*Directions*
Look through the listing and locate every line containing the word "delle"; copy those lines.

*** Block opens ***

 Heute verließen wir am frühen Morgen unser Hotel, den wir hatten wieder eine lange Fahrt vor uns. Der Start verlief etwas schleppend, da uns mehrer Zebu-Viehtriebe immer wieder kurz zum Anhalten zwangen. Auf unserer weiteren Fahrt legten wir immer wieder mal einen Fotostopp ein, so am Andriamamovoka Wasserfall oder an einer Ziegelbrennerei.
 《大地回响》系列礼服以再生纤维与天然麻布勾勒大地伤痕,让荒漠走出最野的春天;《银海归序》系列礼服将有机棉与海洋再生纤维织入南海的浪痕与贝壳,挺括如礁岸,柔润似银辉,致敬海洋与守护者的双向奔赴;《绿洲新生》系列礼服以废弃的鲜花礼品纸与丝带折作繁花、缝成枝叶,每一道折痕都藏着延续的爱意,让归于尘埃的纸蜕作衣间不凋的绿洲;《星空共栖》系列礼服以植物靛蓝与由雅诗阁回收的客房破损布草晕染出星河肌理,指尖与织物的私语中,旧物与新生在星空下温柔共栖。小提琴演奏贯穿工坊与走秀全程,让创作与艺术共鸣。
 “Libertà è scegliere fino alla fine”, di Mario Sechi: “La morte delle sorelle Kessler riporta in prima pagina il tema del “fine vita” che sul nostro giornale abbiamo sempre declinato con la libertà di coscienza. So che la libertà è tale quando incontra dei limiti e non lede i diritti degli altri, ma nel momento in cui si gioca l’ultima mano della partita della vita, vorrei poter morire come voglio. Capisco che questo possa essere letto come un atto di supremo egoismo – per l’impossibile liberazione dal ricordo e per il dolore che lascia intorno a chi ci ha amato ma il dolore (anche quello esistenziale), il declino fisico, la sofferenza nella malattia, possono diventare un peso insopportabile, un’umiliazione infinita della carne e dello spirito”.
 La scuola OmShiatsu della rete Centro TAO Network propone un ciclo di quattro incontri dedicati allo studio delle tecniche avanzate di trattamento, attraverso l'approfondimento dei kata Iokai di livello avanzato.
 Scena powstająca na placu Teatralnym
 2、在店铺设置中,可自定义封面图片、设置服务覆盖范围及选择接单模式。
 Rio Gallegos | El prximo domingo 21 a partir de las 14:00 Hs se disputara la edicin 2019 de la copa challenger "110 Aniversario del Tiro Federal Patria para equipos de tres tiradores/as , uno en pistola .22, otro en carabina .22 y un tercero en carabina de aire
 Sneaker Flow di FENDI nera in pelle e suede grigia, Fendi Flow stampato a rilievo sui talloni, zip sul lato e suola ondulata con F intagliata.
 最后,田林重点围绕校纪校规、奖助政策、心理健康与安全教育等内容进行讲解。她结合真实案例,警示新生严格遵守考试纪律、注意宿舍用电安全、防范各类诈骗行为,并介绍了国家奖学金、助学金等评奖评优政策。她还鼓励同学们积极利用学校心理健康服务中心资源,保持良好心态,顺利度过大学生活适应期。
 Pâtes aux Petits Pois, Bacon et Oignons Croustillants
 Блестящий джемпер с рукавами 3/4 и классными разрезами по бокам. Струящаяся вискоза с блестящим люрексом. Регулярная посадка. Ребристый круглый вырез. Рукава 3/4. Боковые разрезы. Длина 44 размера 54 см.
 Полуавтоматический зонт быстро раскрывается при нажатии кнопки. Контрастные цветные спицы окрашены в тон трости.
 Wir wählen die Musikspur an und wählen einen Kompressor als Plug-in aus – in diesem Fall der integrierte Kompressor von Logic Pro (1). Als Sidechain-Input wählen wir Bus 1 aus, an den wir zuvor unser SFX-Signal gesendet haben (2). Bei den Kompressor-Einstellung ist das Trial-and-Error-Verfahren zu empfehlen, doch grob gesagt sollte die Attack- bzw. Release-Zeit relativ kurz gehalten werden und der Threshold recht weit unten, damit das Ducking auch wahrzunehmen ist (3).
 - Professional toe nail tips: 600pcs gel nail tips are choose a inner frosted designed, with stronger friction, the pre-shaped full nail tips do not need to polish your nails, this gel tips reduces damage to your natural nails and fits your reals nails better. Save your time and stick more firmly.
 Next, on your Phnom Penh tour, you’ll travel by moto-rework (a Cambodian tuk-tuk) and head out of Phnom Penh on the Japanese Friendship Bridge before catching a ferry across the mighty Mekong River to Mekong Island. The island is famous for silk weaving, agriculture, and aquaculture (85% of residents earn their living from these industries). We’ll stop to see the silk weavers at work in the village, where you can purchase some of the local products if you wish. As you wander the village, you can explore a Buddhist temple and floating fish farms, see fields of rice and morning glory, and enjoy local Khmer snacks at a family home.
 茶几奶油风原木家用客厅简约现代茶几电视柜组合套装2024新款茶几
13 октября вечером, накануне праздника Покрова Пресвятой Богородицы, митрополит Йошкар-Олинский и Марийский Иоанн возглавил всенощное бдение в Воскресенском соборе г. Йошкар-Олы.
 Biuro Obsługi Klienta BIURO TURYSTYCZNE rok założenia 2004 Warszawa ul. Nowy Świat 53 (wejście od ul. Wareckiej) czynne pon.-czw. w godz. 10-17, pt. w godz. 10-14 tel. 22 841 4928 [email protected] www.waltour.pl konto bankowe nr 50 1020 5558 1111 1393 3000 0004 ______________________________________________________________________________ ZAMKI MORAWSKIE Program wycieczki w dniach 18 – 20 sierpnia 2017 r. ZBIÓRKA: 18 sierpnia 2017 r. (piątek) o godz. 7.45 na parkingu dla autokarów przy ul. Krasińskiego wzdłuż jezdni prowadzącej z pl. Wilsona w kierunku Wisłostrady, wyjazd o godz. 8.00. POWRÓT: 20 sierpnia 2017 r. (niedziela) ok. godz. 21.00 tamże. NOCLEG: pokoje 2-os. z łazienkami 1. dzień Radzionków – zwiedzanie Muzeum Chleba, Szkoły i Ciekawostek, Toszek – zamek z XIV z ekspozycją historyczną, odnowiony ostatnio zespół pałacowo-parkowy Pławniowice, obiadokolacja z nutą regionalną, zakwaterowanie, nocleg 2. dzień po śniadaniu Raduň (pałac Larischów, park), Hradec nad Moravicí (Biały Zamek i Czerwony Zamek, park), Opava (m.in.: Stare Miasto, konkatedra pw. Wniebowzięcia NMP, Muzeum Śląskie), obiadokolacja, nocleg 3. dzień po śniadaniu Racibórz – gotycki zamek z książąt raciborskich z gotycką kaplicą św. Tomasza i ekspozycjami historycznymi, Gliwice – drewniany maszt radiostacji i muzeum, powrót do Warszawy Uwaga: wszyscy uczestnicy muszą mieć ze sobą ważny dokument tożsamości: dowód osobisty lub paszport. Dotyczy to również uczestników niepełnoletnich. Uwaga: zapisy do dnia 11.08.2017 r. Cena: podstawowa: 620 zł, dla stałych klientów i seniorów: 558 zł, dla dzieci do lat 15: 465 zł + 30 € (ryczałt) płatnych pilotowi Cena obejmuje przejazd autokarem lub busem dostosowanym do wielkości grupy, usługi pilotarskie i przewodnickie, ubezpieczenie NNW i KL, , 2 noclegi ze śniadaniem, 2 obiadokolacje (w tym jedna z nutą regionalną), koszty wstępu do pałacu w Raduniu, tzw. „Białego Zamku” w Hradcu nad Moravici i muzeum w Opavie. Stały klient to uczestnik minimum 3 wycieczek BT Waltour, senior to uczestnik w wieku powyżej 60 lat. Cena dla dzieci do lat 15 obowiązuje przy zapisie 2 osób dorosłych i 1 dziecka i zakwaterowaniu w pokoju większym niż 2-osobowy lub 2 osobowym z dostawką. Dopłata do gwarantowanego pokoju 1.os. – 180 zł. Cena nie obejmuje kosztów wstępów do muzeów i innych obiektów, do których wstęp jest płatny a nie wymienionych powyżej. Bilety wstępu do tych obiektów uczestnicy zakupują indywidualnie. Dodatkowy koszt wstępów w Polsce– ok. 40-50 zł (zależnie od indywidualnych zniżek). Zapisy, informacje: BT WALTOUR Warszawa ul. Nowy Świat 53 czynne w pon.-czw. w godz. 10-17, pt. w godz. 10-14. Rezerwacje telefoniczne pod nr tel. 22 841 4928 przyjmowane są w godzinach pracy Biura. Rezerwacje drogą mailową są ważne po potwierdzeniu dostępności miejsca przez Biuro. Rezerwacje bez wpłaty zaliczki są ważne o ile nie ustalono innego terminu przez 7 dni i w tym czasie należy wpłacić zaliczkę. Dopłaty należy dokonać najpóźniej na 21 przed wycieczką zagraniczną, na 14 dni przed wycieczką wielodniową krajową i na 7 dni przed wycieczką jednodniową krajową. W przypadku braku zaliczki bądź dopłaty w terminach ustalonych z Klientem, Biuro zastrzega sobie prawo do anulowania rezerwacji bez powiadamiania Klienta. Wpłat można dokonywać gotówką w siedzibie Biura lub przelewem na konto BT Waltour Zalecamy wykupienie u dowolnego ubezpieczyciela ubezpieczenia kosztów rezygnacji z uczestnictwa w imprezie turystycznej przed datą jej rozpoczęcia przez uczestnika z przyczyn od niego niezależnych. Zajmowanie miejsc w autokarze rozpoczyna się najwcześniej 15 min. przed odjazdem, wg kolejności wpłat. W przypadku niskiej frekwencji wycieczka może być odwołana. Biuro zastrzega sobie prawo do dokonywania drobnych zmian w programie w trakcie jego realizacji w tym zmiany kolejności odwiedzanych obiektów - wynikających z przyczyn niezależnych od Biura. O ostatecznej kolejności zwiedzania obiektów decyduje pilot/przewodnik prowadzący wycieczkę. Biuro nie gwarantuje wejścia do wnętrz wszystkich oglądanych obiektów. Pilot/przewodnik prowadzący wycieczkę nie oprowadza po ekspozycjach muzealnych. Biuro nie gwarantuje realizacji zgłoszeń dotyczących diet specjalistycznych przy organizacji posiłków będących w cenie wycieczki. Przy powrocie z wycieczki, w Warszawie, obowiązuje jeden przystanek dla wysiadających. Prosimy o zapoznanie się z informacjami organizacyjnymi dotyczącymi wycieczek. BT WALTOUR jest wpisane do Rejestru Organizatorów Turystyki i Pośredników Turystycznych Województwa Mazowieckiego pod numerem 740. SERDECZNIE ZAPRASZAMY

*** Block closes ***

*Response area*
 “Libertà è scegliere fino alla fine”, di Mario Sechi: “La morte delle sorelle Kessler riporta in prima pagina il tema del “fine vita” che sul nostro giornale abbiamo sempre declinato con la libertà di coscienza. So che la libertà è tale quando incontra dei limiti e non lede i diritti degli altri, ma nel momento in cui si gioca l’ultima mano della partita della vita, vorrei poter morire come voglio. Capisco che questo possa essere letto come un atto di supremo egoismo – per l’impossibile liberazione dal ricordo e per il dolore che lascia intorno a chi ci ha amato ma il dolore (anche quello esistenziale), il declino fisico, la sofferenza nella malattia, possono diventare un peso insopportabile, un’umiliazione infinita della carne e dello spirito”.
 La scuola OmShiatsu della rete Centro TAO Network propone un ciclo di quattro incontri dedicati allo studio delle tecniche avanzate di trattamento, attraverso l'approfondimento dei kata Iokai di livello avanzato.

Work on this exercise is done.